Il 19 gennaio a Tecchiena, nella chiesa parrocchiale della Madonna del Carmine e all’inizio della Settimana di preghiera per l’unità dei cristiani, in un’atmosfera di grande raccoglimento, favorita altresì dalle preghiere della tradizione liturgica armena, le Chiese cristiane hanno pregato insieme, con la presenza per la prima volta a questo appuntamento di Santo Marcianò, vescovo delle diocesi di Anagni-Alatri e Frosinone-Veroli-Ferentino, i cui Uffici ecumenici hanno organizzato il tutto assieme ai responsabili delle altre Chiese, unitamente a padre Florentin Mititelu, romeno ortodosso, al pastore valdese Massimo Aquilante e all’evangelista Stefano Cacciatore, della Chiesa neoapostolica, e molti fedeli e partecipanti delle varie comunità.
La Chiesa armena, fondata dagli apostoli Taddeo e Bartolomeo, fu la prima ad essere riconosciuta ufficialmente già dal 301 d.C. Superando le vicende dei secoli, essa continua ad essere ancora faro di luce nel contesto odierno, religioso e civile. Fu san Narsete di Gla, patriarca armeno, a comporre preghiere particolari per venire incontro alla sensibilità popolare del suo tempo e offrire in modo creativo e amorevole l’annuncio di Cristo vero sole venuto per illuminare il mondo; una preghiera che anche oggi gli armeni usano fare all’alba. Così come affermato già nel Credo niceno-costantinopolitano, pietra miliare di tutti i cristiani, di cui l’anno scorso è stato commemorato il 1700° anniversario, Cristo “ Luce da Luce per la Luce”, è venuto in terra per far risplendere la Luce di Dio e condurci alla comunione d’amore tra noi e con Lui. Luce per la riconciliazione dei cristiani, imprescindibile per una testimonianza efficace della presenza di Dio nel mondo; luce per illuminare soluzioni per la pace ovunque.

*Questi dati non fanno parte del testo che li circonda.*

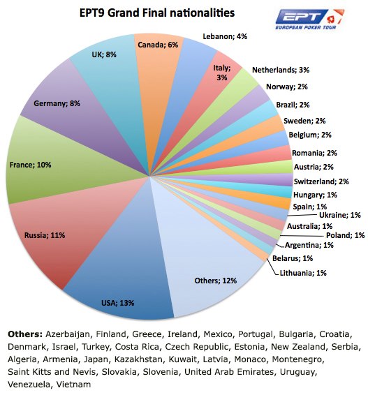 Общий российский десант на Гранд Финал составил 11 процентов от общего числа зарегистрированных в Main Event игроков, и это лучший результат среди представителей Старого Света, больше только американцев, причем всего на пару процентов.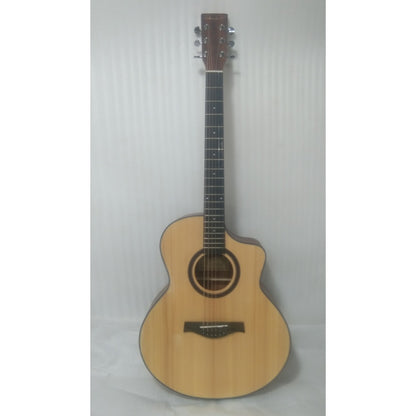 C shaped wood fixed mark visible near the neck, minor cracks at places on the front panel of the guitar.

La preghiera si è concentrata non sull’elenco dei mali del mondo ma è stata ricca di speranza per quello che possiamo aspettarci se ci lasciamo illuminare da Cristo, facendoci portatori di questa Luce. Sono risuonate le parole dell’apostolo Paolo: “Siate sempre umili, cordiali e pazienti; sopportatevi l’un l’altro con amore; cercate di conservare, per mezzo della pace che vi unisce, quella unità che viene dallo Spirito Santo[…] una sola è la fede, uno solo è il battesimo. Uno solo è Dio, Padre di tutti, al di sopra di tutti, che in tutti è presente e agisce» (Ef 4, 1-5). “Chi cammina nelle tenebre non sa dove va. Mentre avete la luce, credete nella luce, per diventare figli della luce” (Gv 12, 35-36).
In un mondo che va a rotoli e sembra spazzare via tutti i punti fermi finora ritenuti validi – ha sottolineato il pastore Aquilante – si può camminare insieme verso una Chiesa che non teme le diversità. Innalzando lo sguardo al Crocifisso-Risorto, i conflitti possono essere gestiti e depotenziati, i muri abbattuti e le diversità possono divenire motivo di crescita. L’ecumenismo non è frutto di sforzi diplomatici ma ha l’orizzonte più universalistico che si possa immaginare , lasciando che Dio si riappropri dell’umanità.
A queste parole ha fatto eco monsignor Marcianò, sottolineando che «camminare nella Luce (e non essere asserviti ad altre fonti di luce che invece accecano), significa cercare ciò che ci unisce e attingere luce nell’incontro con poveri, persone disagiate, sofferenti, bambini», con un richiamo al Concilio di Nicea che ha affermato che Dio si è fatto vicino, ci è venuto incontro attraverso Gesù Dio fatto uomo. La speranza nasce da qui e la possiamo sperimentare nel presente. E’ quella vita che Gesù ci ha donato dalla croce per “attirare tutti a Sé” e ci fa capaci di camminare come un solo corpo per essere Luce del mondo. E’ sorprendente come è proprio Cristo la risposta alla disumanizzazione dilagante, è Lui che ci dona la nostra vera umanità.
La cordialità e la stima reciproca fra il vescovo e i pastori delle altre Chiese, che, come detto all’inizio, è stata sperimentata e ha contrassegnato tutta la serata della preghiera per l’unità dei cristiani, è quindi anch’essa viva speranza di una Chiesa in cammino verso l’unità anche visibile nei cristiani.